Server equipment within a rack generates heat, which can build-up to create uneven temperatures or hot-spots in the rack to the point where the equipment could overheat, causing failure, or in the worst case, a fire.
The more equipment that is contained within the racks, the higher the temperature will be, giving rise to a greater need for cool air from your air conditioning system. As the air conditioning system needs to work harder, more energy is used to drive the airflow and exchange the heat, leading to higher running costs.
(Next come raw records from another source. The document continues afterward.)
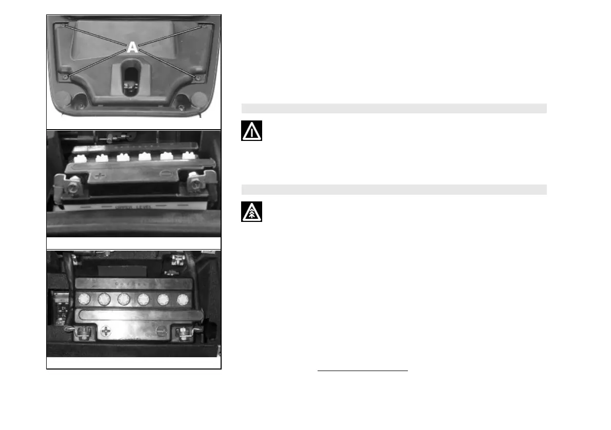 The saddle should be lifted in order to reach the battery. Loosen the four clamping
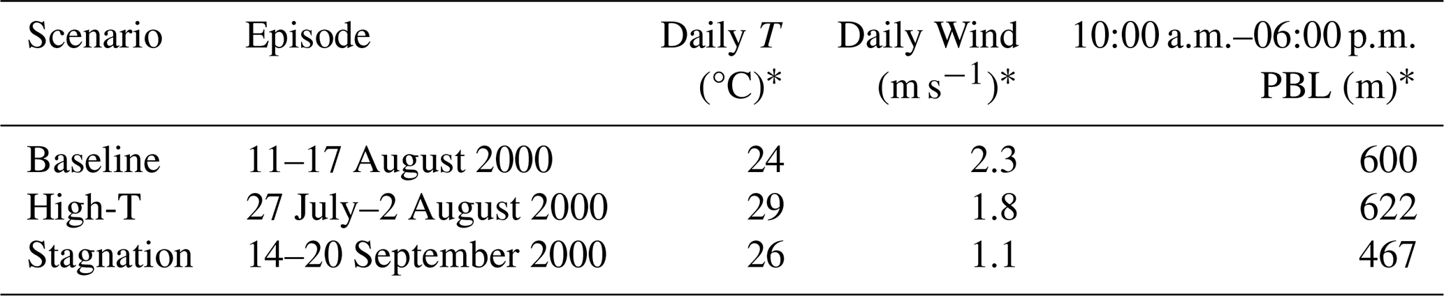 The high-T scenario is characterized by a +5 °C temperature anomaly relative to baseline (Fig. 1b). Its flow patterns and PBL heights resemble the baseline (Figs. S2–S3), although wind speeds are ∼ 20 % slower. This meteorological regime typically corresponds to the presence of a persistent high-pressure ridge over the western U.S., which promotes subsidence, suppresses cloud cover, and results in consecutive days of elevated surface temperatures.
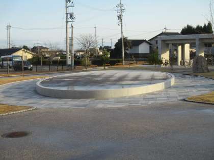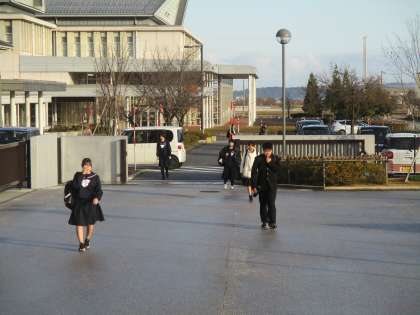 八尾中学校の生徒玄関前にある「八尾のニワ」では、中央のステージに霜が降り、太陽の光が当た始めたところから徐々に溶けていく様子が見られました。【写真上】
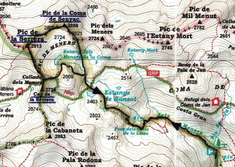 Regreso a la Collada dels Meners y comienzo, después, a descender en dirección este por una ladera fácil de rocas, con algunos tramos herbados. Tras seguir un rato el sendero GRP, que desciende hacia el sur en dirección a los Estanys de Ransol, dejo el mismo y prosigo hacia la izquierda en franco descenso hacia el Estany dels Meners de la Coma. El descenso, por graderíos de hierba con algunas piedras, es muy sencillo. Llego, más abajo, a la zona delantera del lago, desde la cual una torrentera baja hacia los Estanys de Ransol. Aquí, giro hacia la derecha y comienzo a bajar, casi siempre cercano a la torrentera, hasta encontrar de nuevo el sendero GRP y el primero de los lagos de la zona de Ransol. Atravieso la zona lacustre, desciendo por la canal por la que también desciende el río, llego a la Font de la Llosa y continuo resiguiendo el Riu dels Meners hasta que llego a la zona de aparcamiento, tras casi 2 horas de descenso. Cojo el coche y regreso.
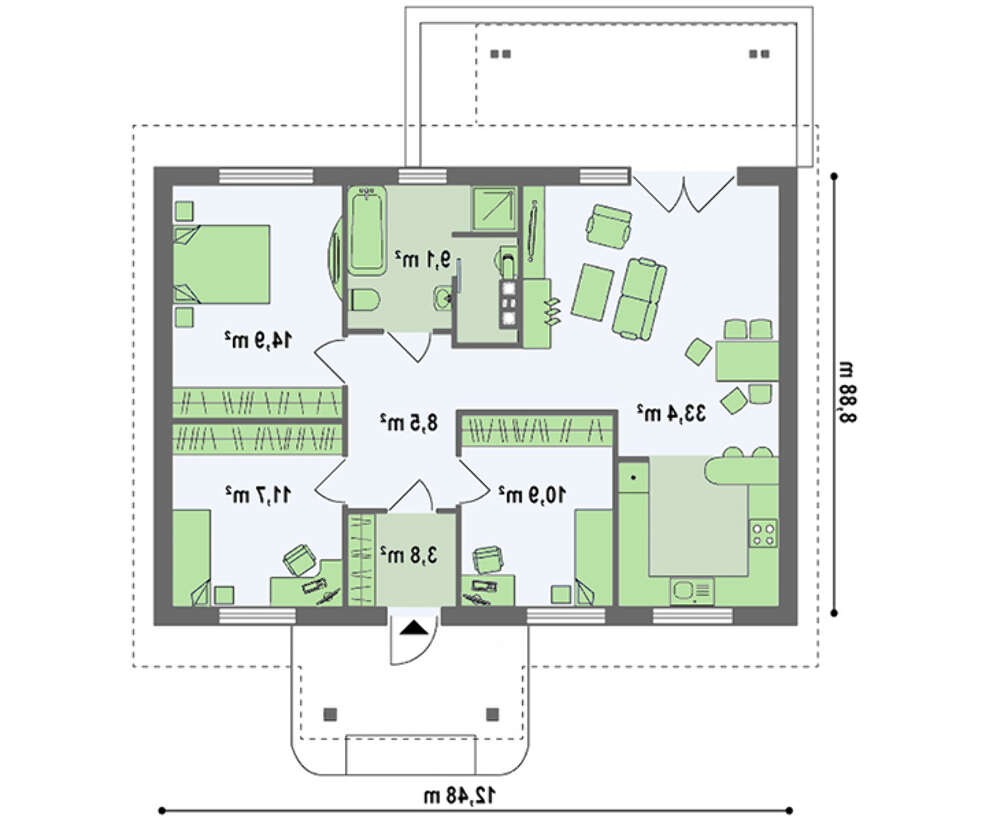 проект в зеркальном отображении позволит органично вписать дом в окружающий ландшафт.
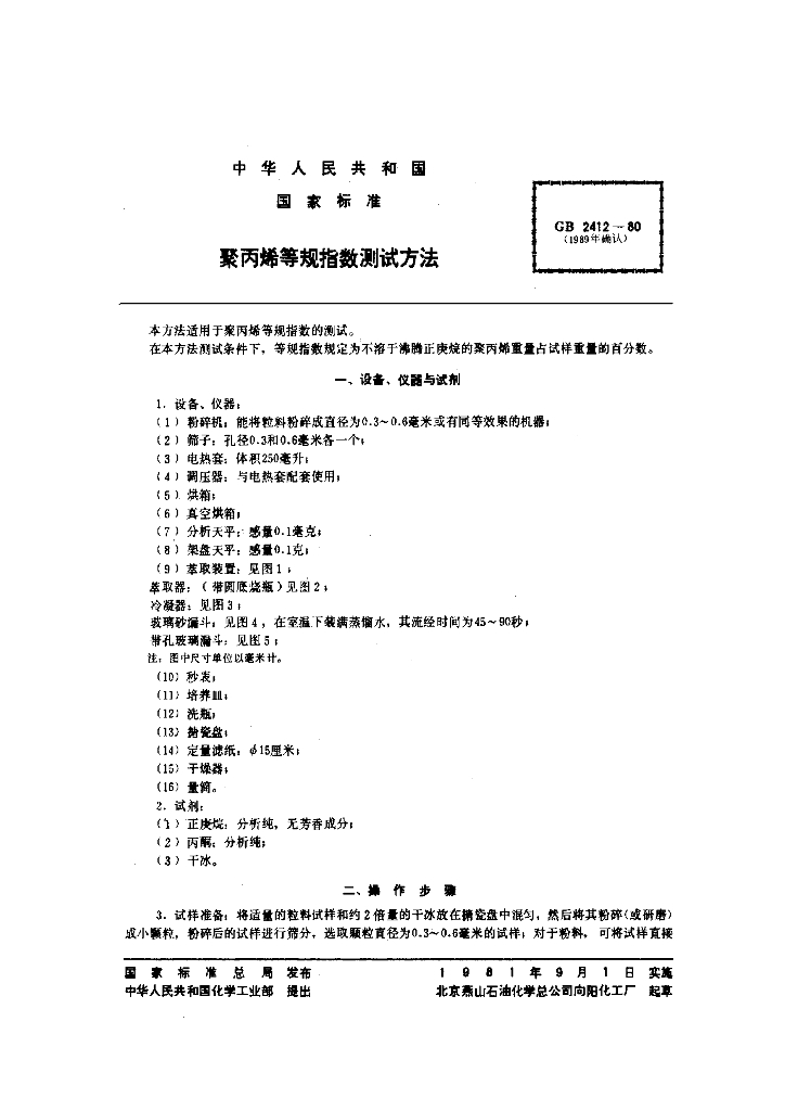 GB/T 2412-1980 聚丙烯等规指数测试方法

Maximising this airflow's efficiency within server racks will give long term benefits, including reduced running costs and improved equipment reliability, which leads to longer working life for the system. It is usually easy to identify areas within the rack to make improvements to ensure both cool incoming and hot exhaust airflows are directed to maximum benefit. Additional detailed analysis with thermal cameras can be carried out to identify hot spots and other areas of concern within the racks. Depending on the rack layouts, consolidation of heat-generating hardware within particular cabinets whilst confining passive equipment such as patching to others could improve cooling efficiency.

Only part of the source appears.